== DESCRIPTION OF THE TASK ==
Go through the listing that follows and write it out exactly. Drop the pictures.

== INPUT MATERIAL ==
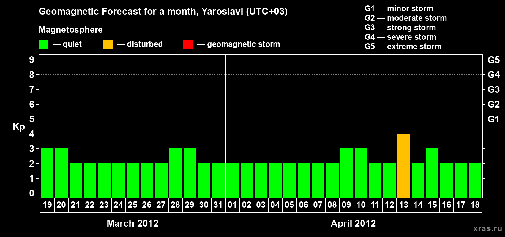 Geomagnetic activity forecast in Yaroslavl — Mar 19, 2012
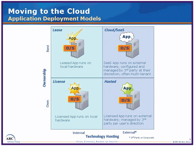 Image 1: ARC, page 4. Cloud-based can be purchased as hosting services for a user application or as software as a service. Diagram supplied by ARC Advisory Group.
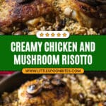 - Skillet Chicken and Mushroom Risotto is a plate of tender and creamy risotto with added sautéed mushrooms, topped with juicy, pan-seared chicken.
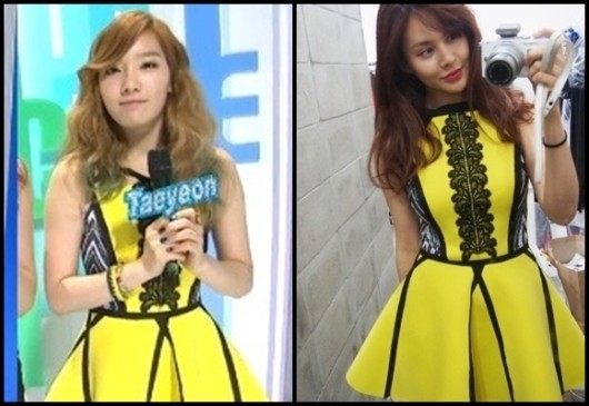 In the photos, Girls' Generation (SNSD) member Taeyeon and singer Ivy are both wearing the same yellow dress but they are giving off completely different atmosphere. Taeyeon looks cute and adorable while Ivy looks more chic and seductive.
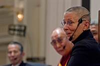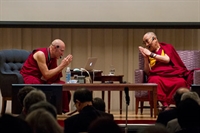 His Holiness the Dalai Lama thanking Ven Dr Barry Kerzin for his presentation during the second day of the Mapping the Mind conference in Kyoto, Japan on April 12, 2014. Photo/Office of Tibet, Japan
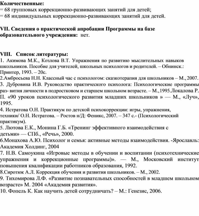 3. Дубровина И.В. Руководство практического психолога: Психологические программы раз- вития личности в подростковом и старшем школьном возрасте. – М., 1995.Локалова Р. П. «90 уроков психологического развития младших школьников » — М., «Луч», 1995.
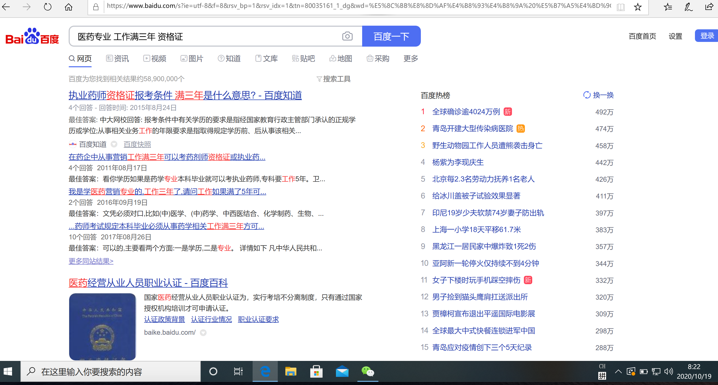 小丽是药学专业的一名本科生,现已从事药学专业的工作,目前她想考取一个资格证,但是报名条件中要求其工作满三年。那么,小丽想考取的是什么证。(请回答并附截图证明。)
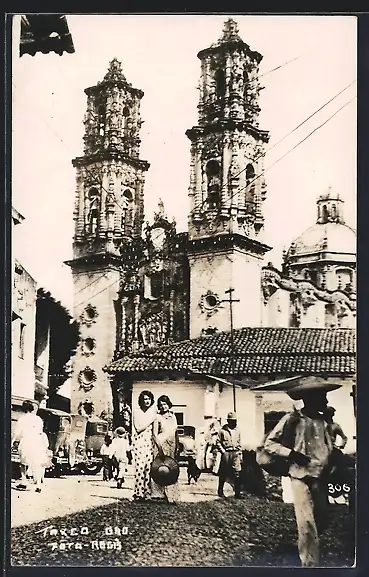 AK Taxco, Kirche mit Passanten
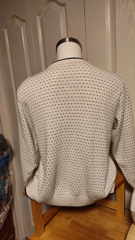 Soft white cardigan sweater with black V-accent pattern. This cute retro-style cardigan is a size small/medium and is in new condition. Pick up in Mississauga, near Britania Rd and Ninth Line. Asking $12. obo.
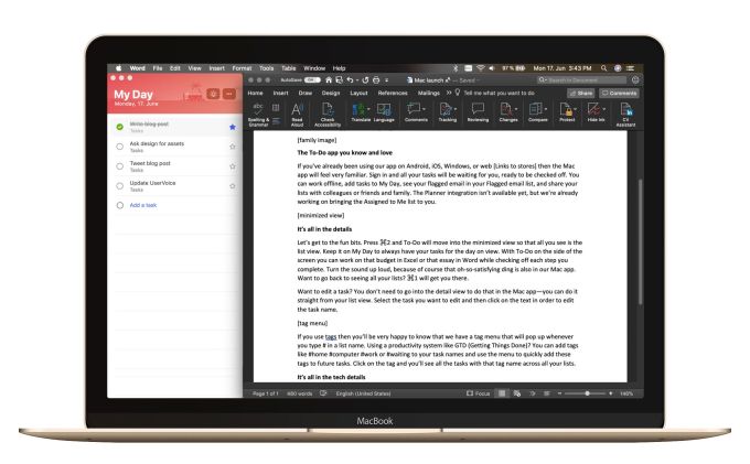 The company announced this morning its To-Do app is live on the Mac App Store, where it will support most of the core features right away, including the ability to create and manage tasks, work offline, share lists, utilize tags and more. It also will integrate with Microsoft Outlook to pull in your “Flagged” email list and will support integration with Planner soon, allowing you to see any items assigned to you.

== EXERCISE ANSWER ==
 Geomagnetic activity forecast in Yaroslavl — Mar 19, 2012
 Image 1: ARC, page 4. Cloud-based can be purchased as hosting services for a user application or as software as a service. Diagram supplied by ARC Advisory Group.
 - Skillet Chicken and Mushroom Risotto is a plate of tender and creamy risotto with added sautéed mushrooms, topped with juicy, pan-seared chicken.
 In the photos, Girls' Generation (SNSD) member Taeyeon and singer Ivy are both wearing the same yellow dress but they are giving off completely different atmosphere. Taeyeon looks cute and adorable while Ivy looks more chic and seductive.
 His Holiness the Dalai Lama thanking Ven Dr Barry Kerzin for his presentation during the second day of the Mapping the Mind conference in Kyoto, Japan on April 12, 2014. Photo/Office of Tibet, Japan
 3. Дубровина И.В. Руководство практического психолога: Психологические программы раз- вития личности в подростковом и старшем школьном возрасте. – М., 1995.Локалова Р. П. «90 уроков психологического развития младших школьников » — М., «Луч», 1995.
 小丽是药学专业的一名本科生,现已从事药学专业的工作,目前她想考取一个资格证,但是报名条件中要求其工作满三年。那么,小丽想考取的是什么证。(请回答并附截图证明。)
 AK Taxco, Kirche mit Passanten
 Soft white cardigan sweater with black V-accent pattern. This cute retro-style cardigan is a size small/medium and is in new condition. Pick up in Mississauga, near Britania Rd and Ninth Line. Asking $12. obo.
 The company announced this morning its To-Do app is live on the Mac App Store, where it will support most of the core features right away, including the ability to create and manage tasks, work offline, share lists, utilize tags and more. It also will integrate with Microsoft Outlook to pull in your “Flagged” email list and will support integration with Planner soon, allowing you to see any items assigned to you.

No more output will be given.